Não há dúvida de que a formação espiritual deve ocupar um lugar privilegiado na vida de cada um, chamado a crescer incessantemente na intimidade com Jesus Cristo, na conformidade com a vontade do Pai, na dedicação aos irmãos, na caridade e na justiça. Escreve o Concílio: a Esta vida de íntima união com Cristo alimenta-se na Igreja com as ajudas espirituais que são comuns a todos os fiéis, sobretudo a participação ativa na sagrada Liturgia, e os leigos devem socorrer-se dessas ajudas, de modo que, ao cumprir com retidão os próprios deveres do mundo, nas condições normais da vida, não separem da própria vida a união com Cristo, mas, desempenhando a própria atividade segundo a vontade de Deus, cresçam nela ».
A formação doutrinal dos fiéis leigos mostra-se hoje cada vez mais urgente, não só pelo natural dinamismo de aprofundar a sua fé, mas também pela exigência de « racionalizar a esperança » que está dentro deles, perante o mundo e os seus problemas graves e complexos. Tornam-se, desse modo, absolutamente necessárias uma sistemática ação de catequese, a dar-se gradualmente, conforme a idade e as várias situações de vida, e uma mais decidida promoção cristã da cultura, como resposta às eternas interrogações que atormentam o homem e a sociedade de hoje.

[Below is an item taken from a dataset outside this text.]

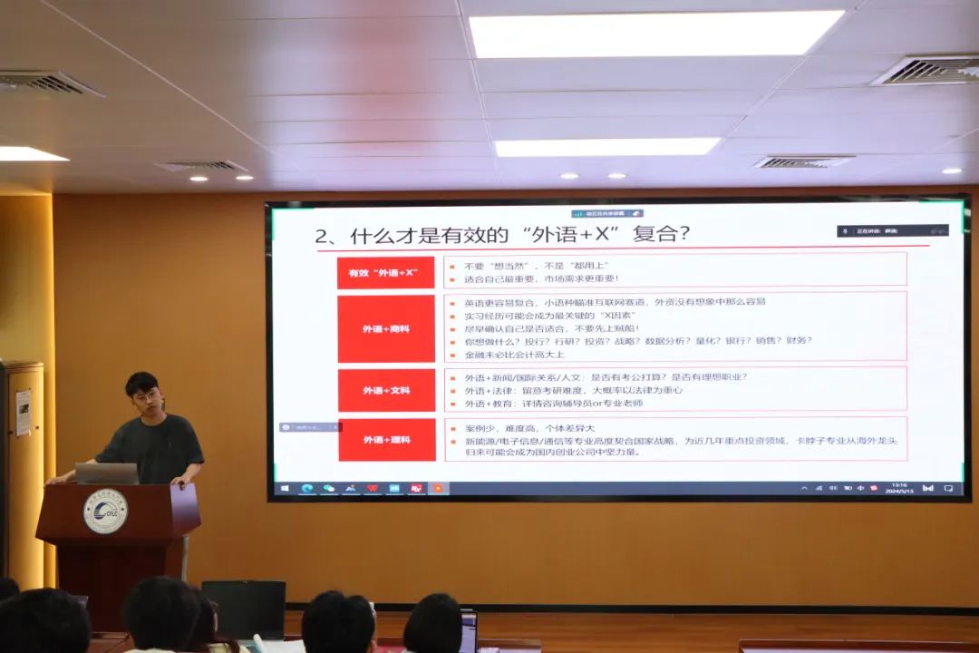 方天靖学长丰富的职场经验让在场的学弟学妹们受益良多,也进一步坚定了同学们对外语学习的信心。相信在优秀院友的引导下,同学们都能扫除困惑,找到适合自己的发展道路,充分发挥好外语的竞争力,积极应对技术新挑战和时代新变化。

Em particular, sobretudo para os fiéis leigos, de várias formas empenhados no campo social e político, é absolutamente indispensável uma consciência mais exata da doutrina social da Igreja, como repetidamente os Padres sinodais recomendaram nas suas intervenções. Falando da participação política dos fiéis leigos, assim se exprimiram: « Para que os leigos possam realizar ativamente este nobre propósito na política (isto é, o propósito de fazer reconhecer e estimar os valores humanos e cristãos), não são suficientes as exortações, é preciso dar-lhes a devida formação da consciência social, sobretudo acerca da doutrina social da Igreja, a qual contém os princípios de reflexão, os critérios de julgar e as diretivas práticas (cf. Congregação para a Doutrina da Fé, Instrução sobre liberdade cristã e libertação, 72). Tal doutrina já deve figurar na instrução catequética geral, nos encontros especializados e nas escolas e universidades. A doutrina social da Igreja é, todavia, dinâmica, isto é, adaptada às circunstâncias dos tempos e lugares. É direito e dever dos pastores propor os princípios morais, também sobre a ordem social, e é dever de todos os cristãos dedicarem-se à defesa dos direitos humanos; a participação ativa nos partidos políticos é, todavia, reservada aos leigos ».
E, finalmente, no contexto da formação integral e unitária dos fiéis leigos, é particularmente significativo, para a sua ação missionária e apostólica, o crescimento pessoal no campo dos valores humanos. Precisamente neste sentido, o Concílio escreveu: « (os leigos) tenham também em grande conta a competência profissional, o sentido da família, o sentido cívico e as virtudes próprias da convivência social, como a honradez, o espírito de justiça, a sinceridade, a amabilidade, a fortaleza de ânimo, sem as quais nem sequer se pode dar uma vida cristã autêntica ».
Ao amadurecer a síntese orgânica da sua vida, que, simultaneamente, é expressão da unidade do seu ser e condição para o cumprimento eficaz da sua missão, os fiéis leigos serão interiormente conduzidos e animados pelo Espírito Santo, que é Espírito de unidade e de plenitude de vida.